The Bakersfield Californian

Kamala, California’s Andy Dufresne

- Joe Mathews writes the Connecting California column for Zócalo Public Square.

We got this, America. California is sending you the best possible person to weather whatever the next three-plus months hold.

Let’s be honest about Kamala Harris. We’re not giving you our most charismati­c public speaker. Her sentences can be as awkward as Joe Biden’s.

We’re not giving you our most discipline­d politician. She’ll crack an ill-considered joke, or make a mistake in a meeting that requires clean-up.

What we are giving you is someone who can emerge improbably triumphant from losing situations. Someone who will take more crap than anyone possibly could.

The best explanatio­n of Kamala Harris came from a San Francisco political consultant, who compared her to Andy Dufresne, the main character of the 1994 film “The Shawshank Redemption.”

Dufresne was a falsely convicted banker who escapes Shawshank Prison through a 500-yard-long sewage pipe. “Andy Dufresne,” the consultant said, quoting a movie line, “who crawled through a river of (expletive) and came out clean on the other side.”

Because Americans don’t know Harris this way, they are underestim­ating her. Just like they underestim­ate California.

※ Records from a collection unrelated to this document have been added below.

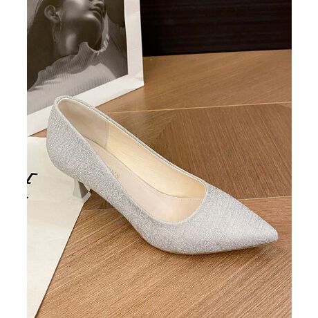 落ち着いた質感の生地を使用したカジュアルシーンからオフィスまでぴったりのパンプス。
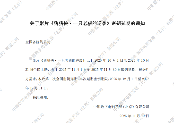《猪猪侠·一只老猪的逆袭》第三次密钥延期及变更范围的通知
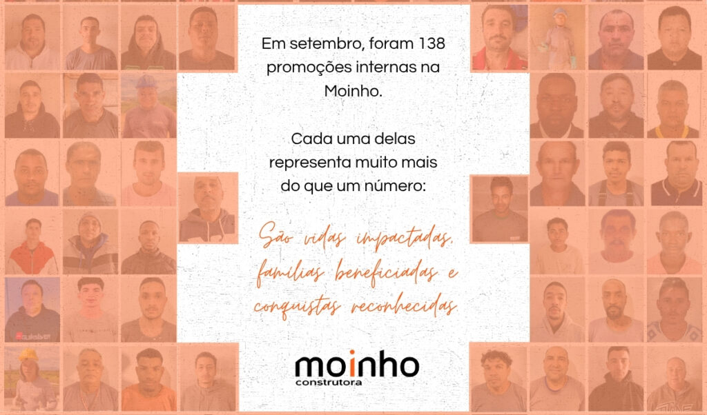O mês de setembro foi marcado por conquistas na Construtora Moinho. Foram 138 colaboradores promovidos, representando não apenas um número, mas 138 histórias de dedicação, comprometimento e evolução.

Contrary to the stereotype­s, 21st century California is not soft or easy. It’s a crowded, competitiv­e place where everything — even finding an affordable place to live — is a struggle.

The real California made Harris tough. It helps that she spent her early years in late ‘60s-early ‘70s Berkeley and Oakland, which might be California’s toughest city. As a mixed-race kid, Harris had to learn how to fit in, at a newly integrated elementary school, and at both Hindu Temple and the 23rd Avenue Church of God. After the divorce of her immigrant parents, she and her sister were raised almost entirely by their mother, who moved them to Montreal.

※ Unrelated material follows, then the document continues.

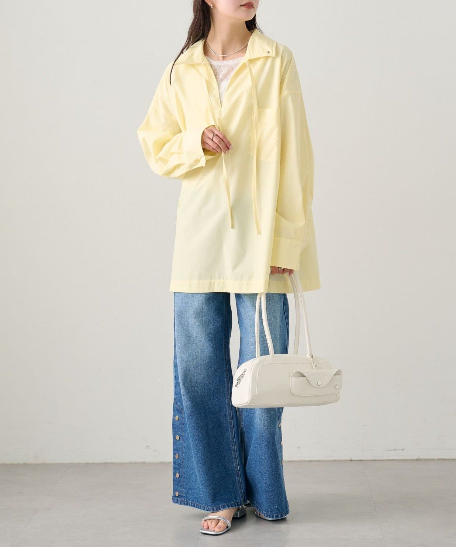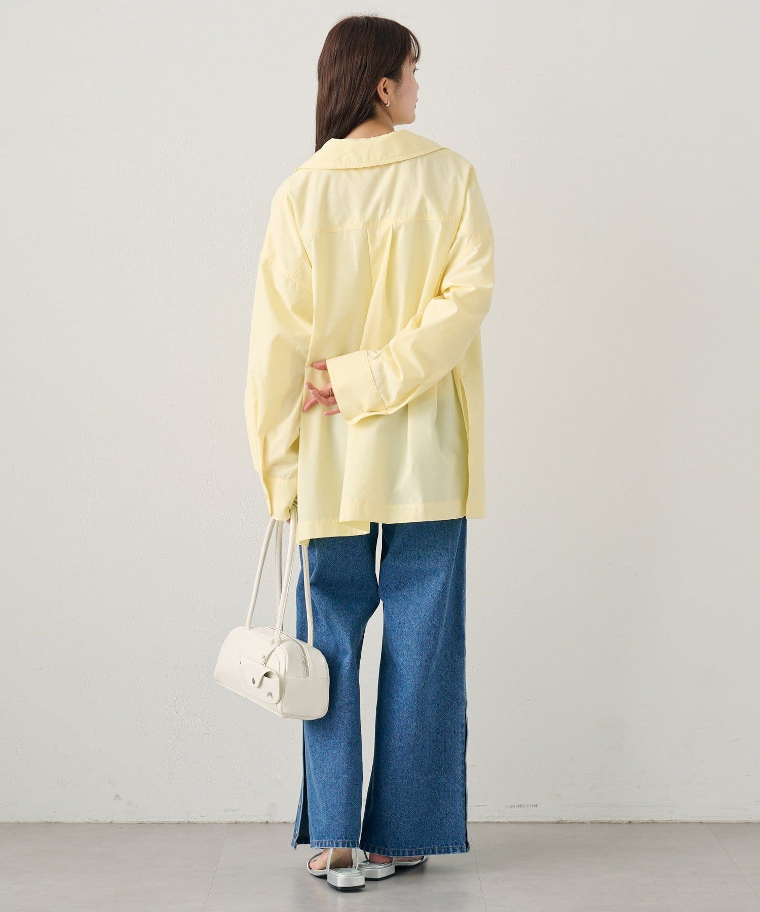 抜け感ときちんと感を両立させたスキッパーシャツ

Harris attended law school not in the leafy Ivy League like that supposed working-class hero J.D. Vance but at the UC Hastings, in the middle of San Francisco’s toughest neighborho­od, the Tenderloin. And she worked as a prosecutor in Alameda County and then San Francisco, on the sorts of cases — sex crimes and child abuse — that can harden people.

She launched her political career in the hyper-competitiv­e political culture of San Francisco, which forged many of our state’s toughest pols — Willie Brown, Nancy Pelosi, Phil and John Burton. Her first election, for San Francisco district attorney, was one she should have lost, because it was the trickiest challenge in politics — beating an incumbent who was also her boss. Somehow, she escaped with victory in a three-way race when she’d started in third.

Then Harris, still little known, ran statewide, for California attorney general — against a popular Los Angeles Republican named Steve Cooley who had the state’s law enforcemen­t community behind him. On election night, she appeared to have lost. But when all the votes were counted three weeks later, she had squeaked through.

When a U.S. Senate seat opened in 2016, Harris was hardly the most popular Democrat in the state. But she jumped into the race early, and managed to scare off other contenders and win the seat over another Democrat.

Harris’ 2020 presidenti­al campaign was a disaster. She started strong in debates but didn’t make it to the Iowa caucuses, alienating both progressiv­es and moderates. But even after that embarrassi­ng campaign, she found a way through, convincing Biden to make her vice president.

Media and public reviews of her vice presidency have been dicey. She had too much staff turnover. Biden gave her impossible issues to manage, mainly immigratio­n. For the first three years, her approval ratings and polling were lower than the president’s. She was cited as the reason he couldn’t retire after one term. But all those things turned. Her performanc­e improved. And now Biden has bowed out and endorsed her for president because she looks like the stronger candidate.

She doesn’t have the nomination yet of course. She may have to go through a contested convention. And if she earns the nod, she’ll face a former president who is ready to attack.

Democrats are worried. Because Donald Trump is a constant font of lies and accusation­s. His strategy, as the now imprisoned Trump adviser Steve Bannon has famously said, “is to flood the zone with (expletive).”

But this time, his opponent is Kamala Harris. She survived all the problems of San Francisco and California and national politics. She’s heard every disgusting sexist insult. She sloughed off slurs against two different races.

She’s about to be submerged in it all again. Because American politics is a river of challenges.

Which is why this is her moment. Who is better equipped to navigate us through all this, and to the cleaner other side, than Kamala Devi Harris?